Here in Germany, summer time is plum cake time. As soon as they make their arrival at the farmers’ market, arrives also the immediate request from my favorite Schwabe to bake a tradition “Zwetschgenkuchen”. Not just any plum cake, but one with a crumbly topping called “Streusel” — in his opinion, very crucial to a good plum cake!
Anyone who knows me, knows that I rarely eat anything sweet, or anything resembling a cake. But admittedly, this particular one made quite the impression and I impressively savored two whole pieces of it. Not because it isn’t sweet, but rather it is less sweet. As usual, I use sugar sparingly, if at all. 1) because I have a sugar intolerance 2) the terrible effects of overconsumption 3) and actually, I don’t crave it.
German Plum Cake — what a treat!
What is fantastic about this cake is the combination of sweet and sour. That’s exactly what I love about it. The plums used in this recipe are called “Zwetschge”, a popular European-style plum (also referred to as Italian Prune Plum or Empress Plum). They are small, dense and have a dark blueish or purple skin and are perfect for baking as they hold their form really well. I have come to know Germany as the land of cakes. A country with a weekly ritual of coffee and cake. That’s right on Sunday, you may just receive an invite. Yes, let’s eat cake!
This summer, we are spending a couple weeks in a lovely house with a terrace and large garden in Kleinmachnow near Berlin. Kleinmachnow may sound foreign, but actually the villages around here are a pretty popular spots for wealthy Berliners escaping the city buzz (and rappers like Bushido I am told). There is so much to offer here, making it a wonderful destination for a family with kids. There is the attractiveness of the beautiful Wannsee, loads of nature for biking and jogging, and it’s still only short ride into the center of Berlin. Not to mention, Berlin seems to be at least 5 degree warmer in summer than Hamburg.
So as I stumbled across these purple beauties at the local farmers’ market…actually my favorite Schwabe once again pointed them out…yes, I will bake a cake. But what is nicer than to write out a recipe in an idyllic garden with the sounds of a woodpecker in the tree and a couple cheeping chickens from the neighbors garden.
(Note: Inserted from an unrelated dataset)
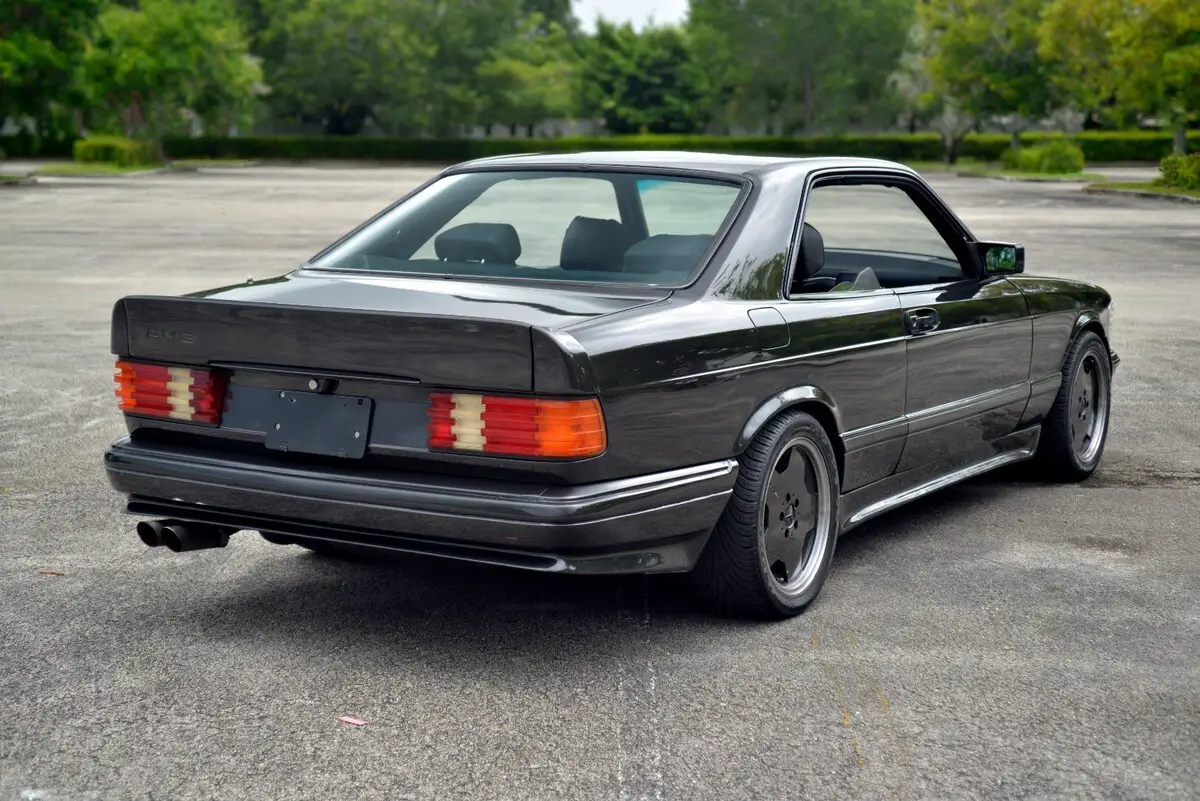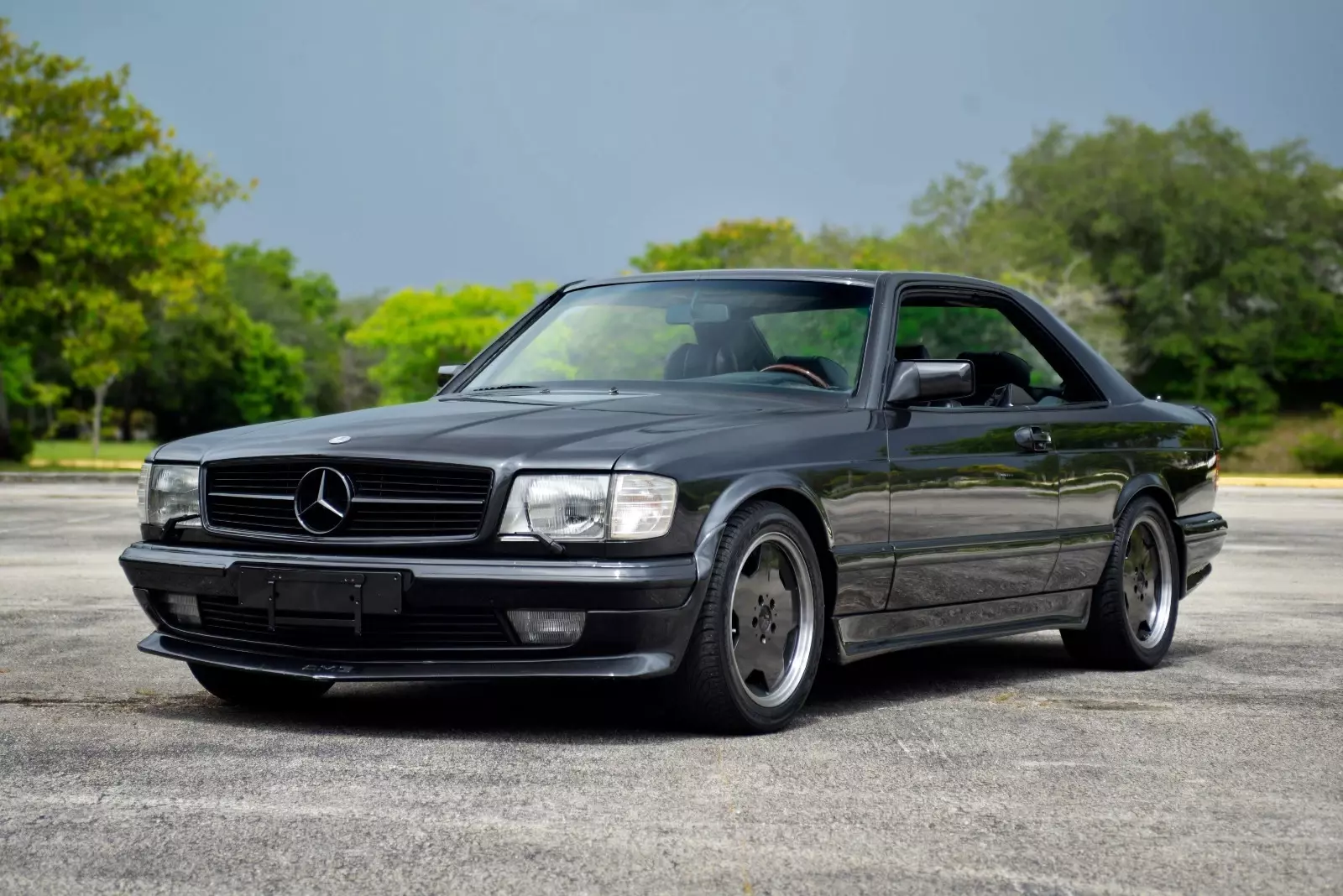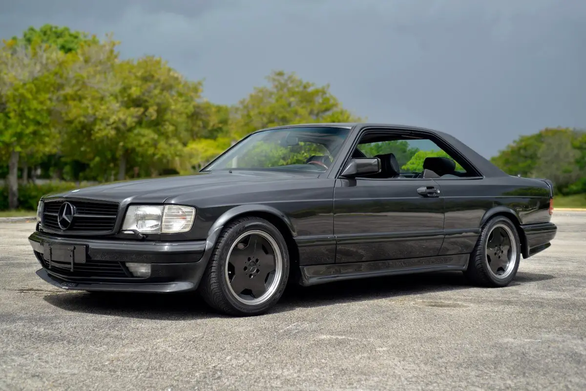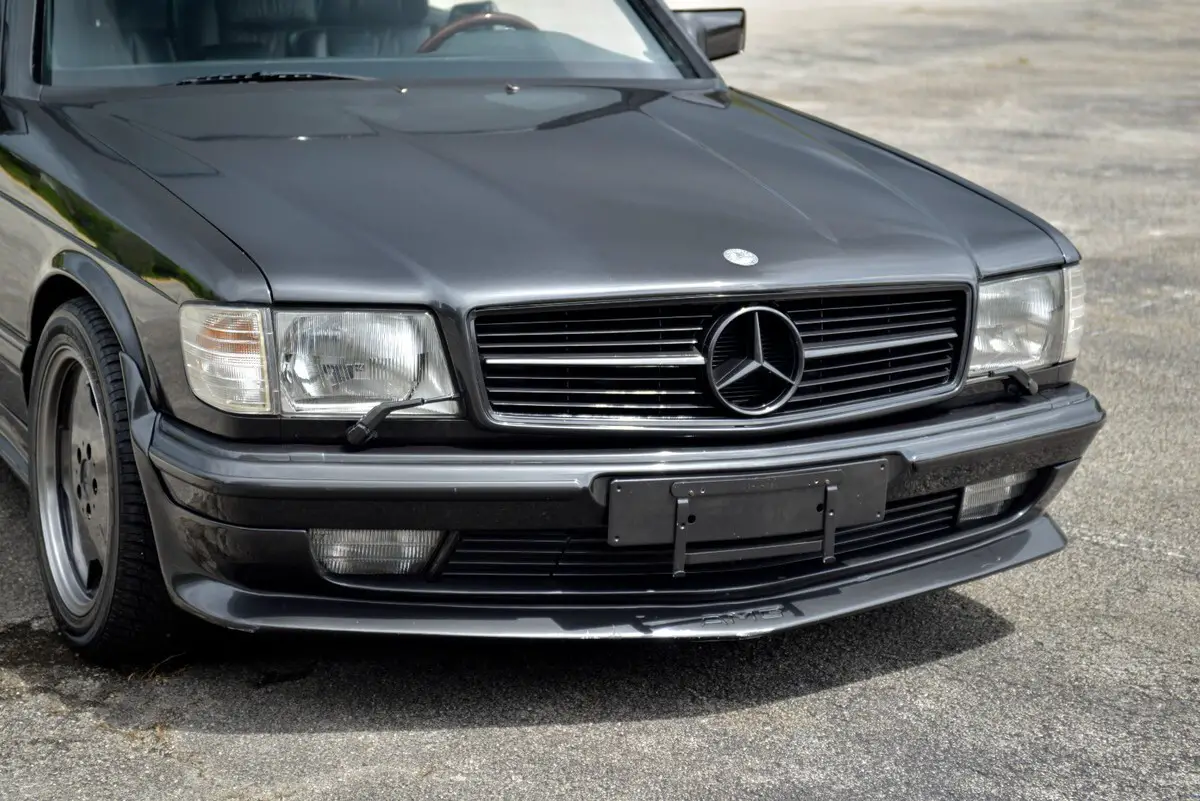 Available now this amazing German Market Mercedes-Benz 560SEC finished in Blue Black Metallic (199U) over black leather (261) and equipped with pre-merger AMG kit.

Naturally, as I sit here enjoying yet another piece of German plum cake. 🙂
German Plum Cake (Zwetschgenkuchen)
- 1 1/2 cups pastry flour (type 450) (180 g)
- 1 1/2 teaspoons baking powder
- 1/4 teaspoon salt
- 6 tablespoons unsalted butter, brought to room temperature
- 1/4 cup organic cane sugar (50 g)
- 2 large eggs
- 1 teaspoon pure powdered vanilla, or seeds of one vanilla bean
- 1 x 150 g container crème fraîche
- 24 small plums, halved and pitted (about 0.5 kg)
For the streusel topping:
- 1/2 cup pastry flour (type 405) (60 g)
- 4 tablespoons unsalted butter, brought to room temperature
- 1/4 cup organic cane sugar (50 g)
- 1/2 teaspoon cinnamon, optional
Preheat oven to 350° F / 180°C. Butter a 29 cm round ovenproof dish or springform pan.
Sift the flour, baking powder and salt into a small bowl.
Using electric mixer, beat 6 tablespoons butter with 1/4 cup sugar in large bowl until well combined. Add the vanilla and beat in the eggs one at a time, for about 4 minutes. Set speed on slow and slowly mix in a third of the flour mixture, then add half the crème fraîche, followed by another third flour, the remaining crème fraîche, and finally the rest of the flour. Do not over mix. Spread batter in the prepared pan.
Arrange the plum halves, cut side up, in a circular pattern on top of the batter.
Mix the streusel topping ingredients together in small bowl until combined. Dot the streusel topping over plums.
Bake the cake until the top is golden and a toothpick inserted into center comes out clean, about 45-50 minutes. Remove from the oven and transfer to a cooling rack. Cool until just warm, about 30 minutes, or to room temperature. Enjoy!